Azure / azure-storage-cpp

Microsoft Azure Storage Client Library for C++
http://azure.github.io/azure-storage-cpp
Apache License 2.0
131 stars 147 forks source link

Upload of page blob with stream size >4MB fails silently #404

Open ShippyMSFT opened 3 years ago

ShippyMSFT commented 3 years ago

Recently we noticed an issue where uploads of page blobs using a stream size of more than 4MB were completing unrealistically fast. Through some extra investigation we found that 4MB is the max, but the SDK does not throw any error to us in this case so it appears everything completed really quickly.

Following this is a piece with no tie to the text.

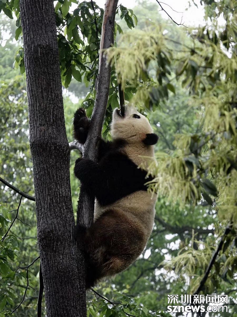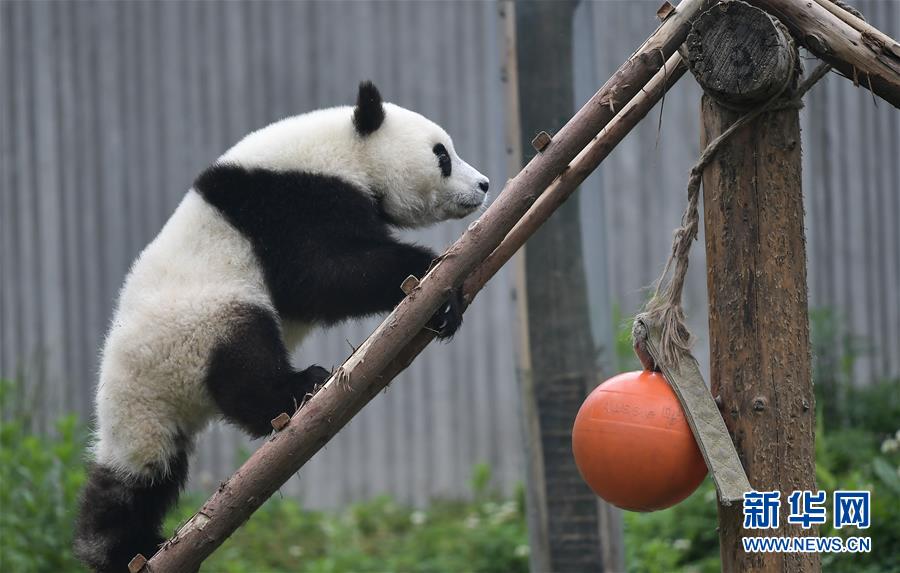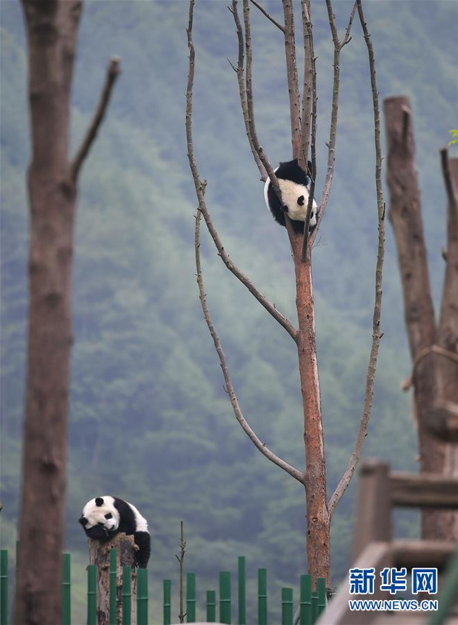 5月26日在中國(guó)大熊貓保護(hù)研究中心臥龍神樹坪基地的“熊貓幼兒園”內(nèi)拍攝的大熊貓。

In istream_descriptor::create() it correctly throws std::invalid_argument in this case:

if (length != std::numeric_limits<utility::size64_t>::max() && length > max_length)
{
    throw std::invalid_argument(protocol::error_stream_length);
}

However, the implementation in basic_cloud_page_blob_ostreambuf::upload_buffer() doesn't set any current exception info:

            try
            {
                this_pointer->m_blob->upload_pages_async_impl(buffer->stream(), offset, buffer->content_checksum(), this_pointer->m_condition, this_pointer->m_options, this_pointer->m_context, this_pointer->m_cancellation_token, this_pointer->m_use_request_level_timeout, this_pointer->m_timer_handler).then([this_pointer] (pplx::task<void> upload_task)
                {
                    std::lock_guard<async_semaphore> guard(this_pointer->m_semaphore, std::adopt_lock);
                    try
                    {
                        upload_task.wait();
                    }
                    catch (const std::exception&)
                    {
                        this_pointer->m_currentException = std::current_exception();
                    }
                });
            }
            catch (...)
            {
                this_pointer->m_semaphore.unlock();  <-- We end up here
            }

Since m_currentException is not set here, the error is not processed at the end in basic_cloud_blob_ostreambuf::_sync() and it returns as if the operation were successful. While it can be worked around once the issue is understood, it is a data integrity issue if gone unnoticed.

Jinming-Hu commented 3 years ago

@ShippyMSFT Thanks for reporting the issue. I'm going to look into this.

Jinming-Hu commented 3 years ago

Hi @ShippyMSFT , I tested with the code below

concurrency::streams::istream input_stream = concurrency::streams::container_stream<std::vector<uint8_t>>::open_istream(std::vector<uint8_t>(5 * 1024 * 1024, 'a'));
        try
        {
          blob1.upload_pages(input_stream, 0, checksum());
        }
        catch (const std::exception& e)
        {
          ucout << _XPLATSTR("Error: ") << e.what() << std::endl;
        }

and it threw an exception. The error message is

Error: The length of the stream exceeds the permitted length.

Which API are you using when you hit this issue? Can you share steps to reproduce it?

ShippyMSFT commented 3 years ago

We are using cloud_page_blob::upload_from_stream_async() to upload. The stream we use varies, but this can definitely reproduce with an istream created with something like this: concurrency::streams::istream testStream = concurrency::streams::file_stream<uint8_t>::open_istream(filePath).get();

Jinming-Hu commented 3 years ago

Hi @ShippyMSFT , I tried again with code below, still works.

        concurrency::streams::istream input_stream = concurrency::streams::container_stream<std::vector<uint8_t>>::open_istream(std::vector<uint8_t>(5 * 1024 * 1024, 'a'));
        try
        {
          blob1.upload_from_stream_async(input_stream).wait();
        }
        catch (const std::exception& e)
        {
          ucout << _XPLATSTR("Error: ") << e.what() << std::endl;
        }
ShippyMSFT commented 3 years ago

That's bizarre. I'll dig a bit and see if I can figure something out.